Anlagestratege Christian Kahler von der DZ Bank ist noch skeptischer für die europäischen Börsen gestimmt. Er spricht 2020 sogar von einem "Murmeltiermarkt" für den Dax, den er auf Jahressicht letztlich seitwärts laufen sieht. Zum Jahresende prognostiziert er für den Dax 13 200 Punkte, nach einem Rückschlag bis auf 13 000 um die Jahresmitte herum. Für den EuroStoxx 50 rechnet er mit 3700 Punkten. Die Risiken für die Weltwirtschaft blieben hoch, woran auch die ultra-expansive Geldpolitik der EZB nichts ändern werde.

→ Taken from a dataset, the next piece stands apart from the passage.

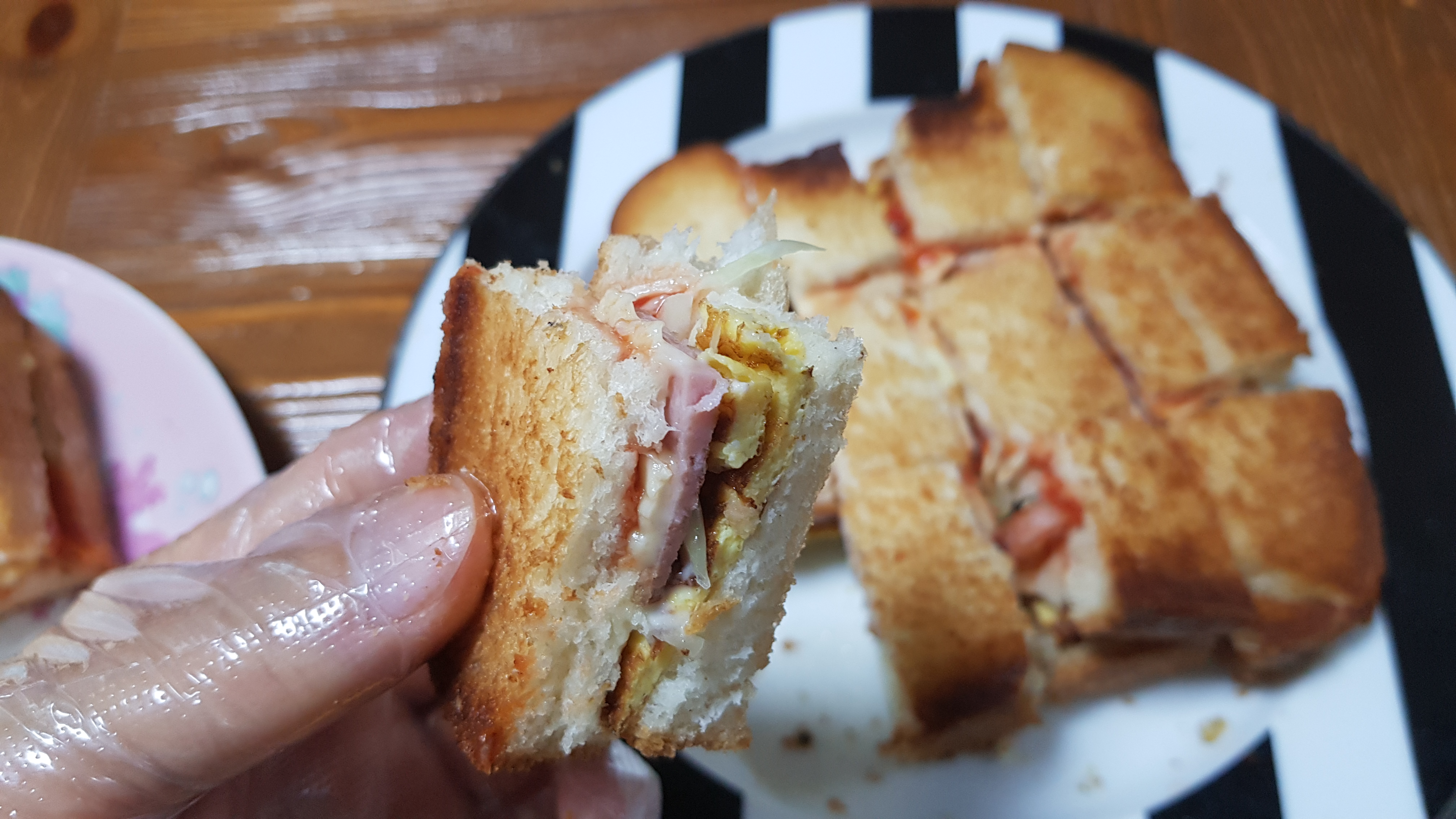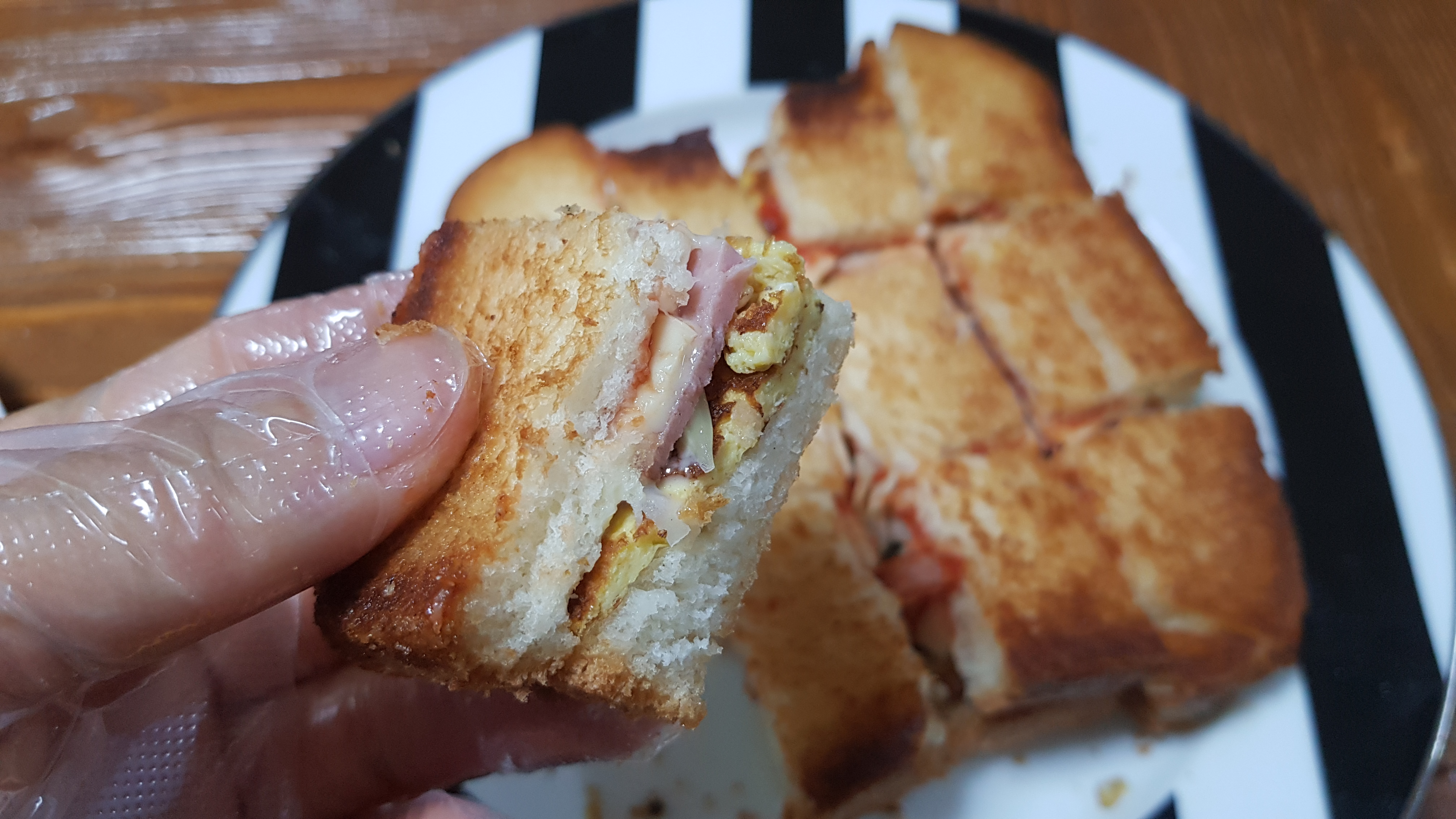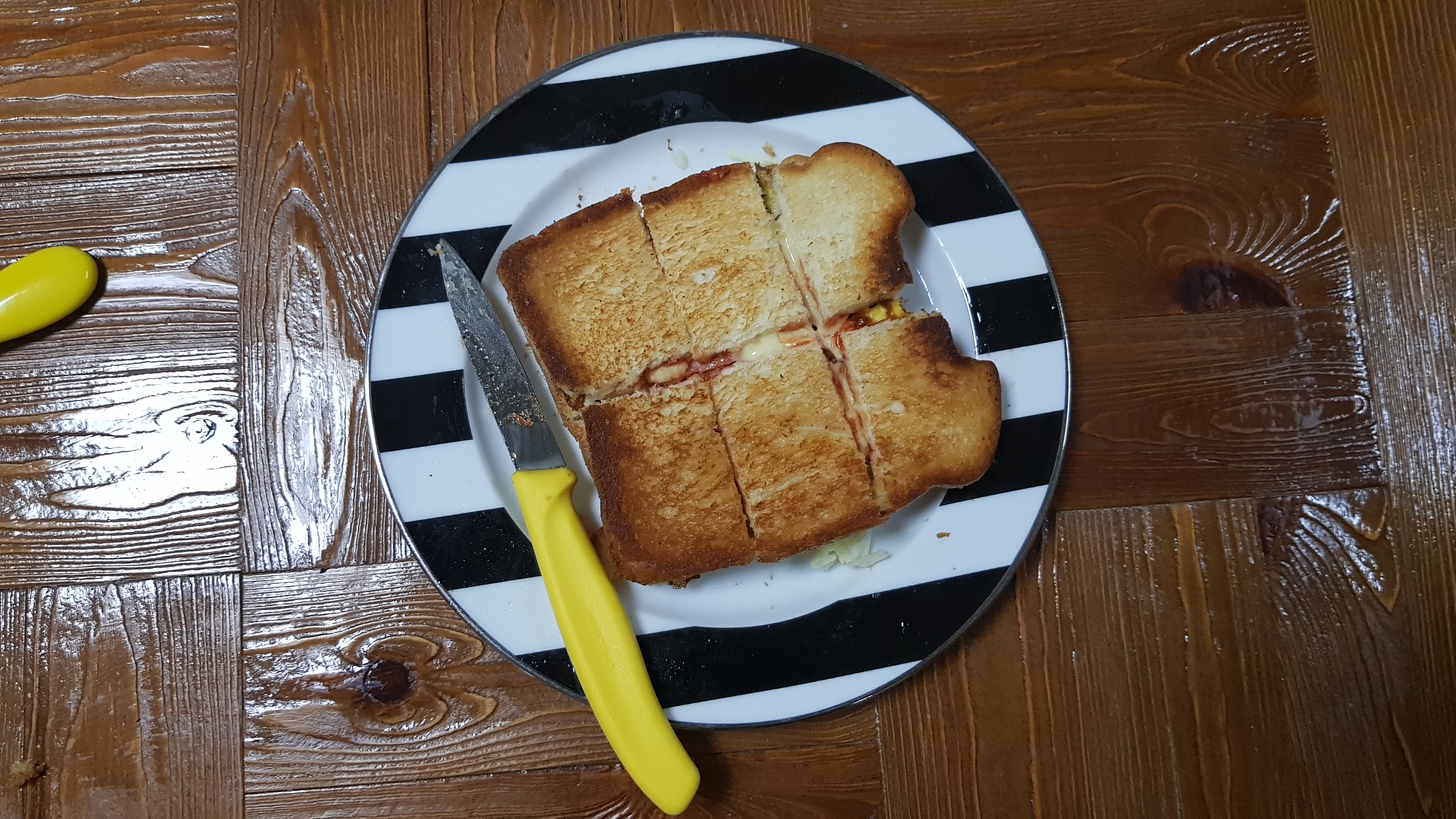 치즈는 잘 녹았지만 식빵의 겉부분이 타버렸다. ㅜ

Deutschland mit seiner starken Exportausrichtung sei vom Zollstreit besonders betroffen und werde der weltweiten Wirtschaftsentwicklung erneut hinterherhinken. Ein Einstieg ist laut Kahler daher aktuell nicht ratsam. Im übrigen Europa indes, wo die Unternehmensgewinne solider als im zyklischen Dax wüchsen, könnten bereits investierte Anleger 2020 dagegen zumindest attraktive "Stillhalteprämien" in Form von Dividenden einstreichen.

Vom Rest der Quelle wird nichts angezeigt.